La faccia di Gabriele Gravina all’intervallo e a fine partita a Oslo era quella di un uomo svuotato, pietrificato dalla realtà che si ostina a non voler vedere. Una maschera di cera, incapace di parole, chiuso nel silenzio come ormai è consuetudine ogni volta che la Nazionale precipita nell’abisso. Ma stavolta, quel silenzio pesa. Stavolta, qualcosa da dire c’era eccome.
Sotto la sua gestione, l’Italia ha sì vinto l’Europeo nel 2021, ma ha anche mancato due qualificazioni mondiali consecutive— 2018 e 2022 — e ora, dopo la disfatta in Norvegia, rischia concretamente la terza esclusione di fila da una Coppa del Mondo. Sarebbe un punto di non ritorno. Una Caporetto calcistica. E se Luciano Spalletti ha le sue responsabilità tecniche, il vero nodo politico del nostro calcio ha un solo nome e cognome: Gabriele Gravina.
Il ko di Oslo (3-0, senza appello) non è un incidente. È la diretta conseguenza di una crisi sistemica che Gravina non ha mai saputo né voluto affrontare. È stato lui a non dimettersi dopo il tracollo con la Macedonia del Nord. È stato lui a confermare Roberto Mancini per troppo tempo, e poi a consegnare in fretta e furia la panchina a Spalletti, scaricandogli addosso tutte le aspettative, senza un progetto tecnico chiaro. E adesso, con l’Italia quarta nel girone dietro Norvegia, Israele ed Estonia, ci aggrappiamo ai playoff, sperando che stavolta non si trasformino nell’ennesimo boia.
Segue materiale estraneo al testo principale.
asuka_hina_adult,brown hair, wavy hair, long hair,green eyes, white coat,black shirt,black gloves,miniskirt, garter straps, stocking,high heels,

Ma Gravina che fa? Resta. Si barrica dietro la sua rielezione (oltre il 98% dei consensi lo scorso febbraio), come se fosse un titolo eterno, impermeabile al fallimento sportivo. E intanto il movimento crolla: i settori giovanili languono, i club sono in crisi strutturale, le riforme promesse — dal numero degli stranieri al salario minimo in Serie C — evaporano nel nulla. L’unica costante è la sua presenza.
Ad ascoltare i cori di protesta degli 850 tifosi azzurri allo stadio Ullevaal non c’era solo Spalletti. In tribuna, accanto ai suoi collaboratori, c’era anche lui, Gravina. E quelle urla, quella rabbia, erano per entrambi. Alcuni sostenitori, sotto la pioggia, si sono fermati nei pressi dei pullman per farsi sentire. Nessuna risposta. Nessuna parola. Solo silenzio e scorta.
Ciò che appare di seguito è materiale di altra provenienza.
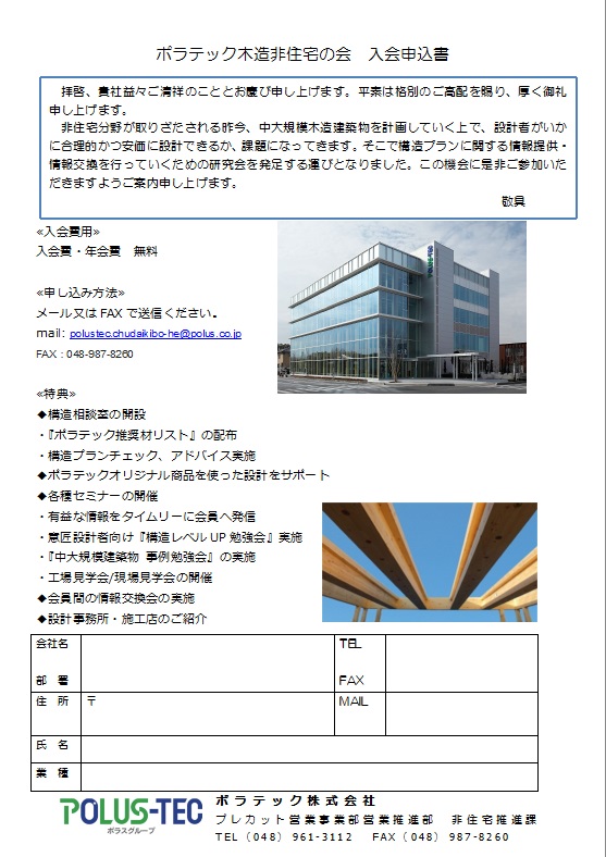 ポラテック木造非住宅の会 申込書

Eppure la storia recente ci dice altro: nel 2014, Abete lasciò dopo l’umiliazione in Brasile. Nel 2017, fu Tavecchio a dimettersi dopo la sconfitta con la Svezia. Gravina invece è rimasto sempre lì, sopravvivendo a ogni batosta. Ora però anche il suo tempo sembra essere scaduto.
Lunedì a Reggio Emilia, l’Italia sfiderà la Moldova. Una vittoria è d’obbligo, ma dopo Oslo sarebbe poco più di un brodino. Il vero banco di prova è a novembre, nello scontro diretto contro la Norvegia. Servirà un miracolo sportivo per evitare l’ennesima condanna ai playoff, già fatali due volte.
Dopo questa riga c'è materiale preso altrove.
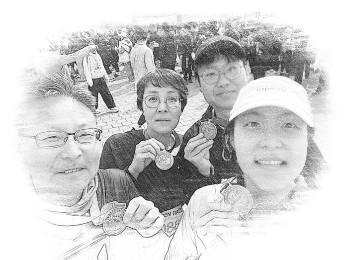 나는 아내를 살짝 껴앉아 주었다. 아내가 멋쩍은 웃음을 지었다. 완주 메달을 받고 우리 넷은 멋진 포즈로 사진을 찍었다.
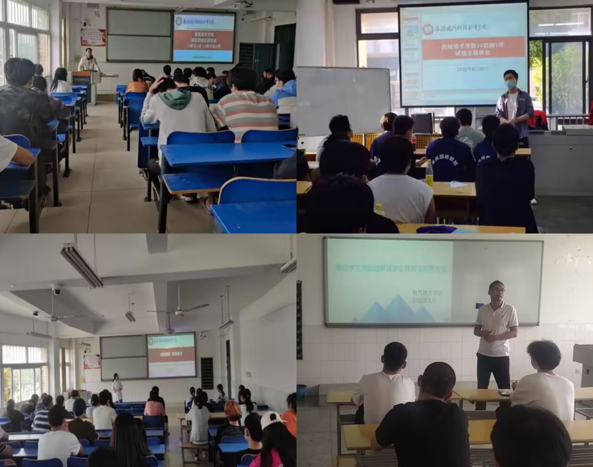 开展了“资助政策两节课”活动。新生入校后,各二级学院以入学教育、班会等形式给学生宣讲国家及学校的各项资助政策及具体的申请流程。在学生毕业离校前,通过诚信教育讲座、主题班会等多种形式,讲解国家助学贷款有关政策、金融防诈骗、征信知识等,广泛动员贷款毕业生按时还款,帮助广大贷款学生树立诚信信念,帮助毕业生同学做好毕业确认等工作。资助政策“两节课”是落实国家资助政策宣传工作的重要举措。开展此活动,旨在让更多学生了解国家与学校的相关学生资助政策,有利于学生明确自身应享受的权利与应承担的义务,感受到国家与学校对学生的关心关爱,为今后大力推进资助育人工作,奠定了坚实的基础。

Ma il problema non è solo la classifica. È la credibilità. È l’inerzia. È l’incapacità cronica di programmare. Se Gravina ha ancora un briciolo di lucidità istituzionale, dovrebbe almeno aprire un confronto, prendersi le sue responsabilità pubblicamente e dire chiaramente quale direzione vuole dare alla Figc. Perché il Mondiale, forse, è già perso. Ma il futuro del calcio italiano non può esserlo per inerzia.
Se si aspetta ancora, il rischio è quello di arrivare alla primavera del 2026 a mani vuote. Con un’altra generazione azzurra costretta a guardare il Mondiale dal divano. E Gravina, ancora una volta, in tribuna. In silenzio.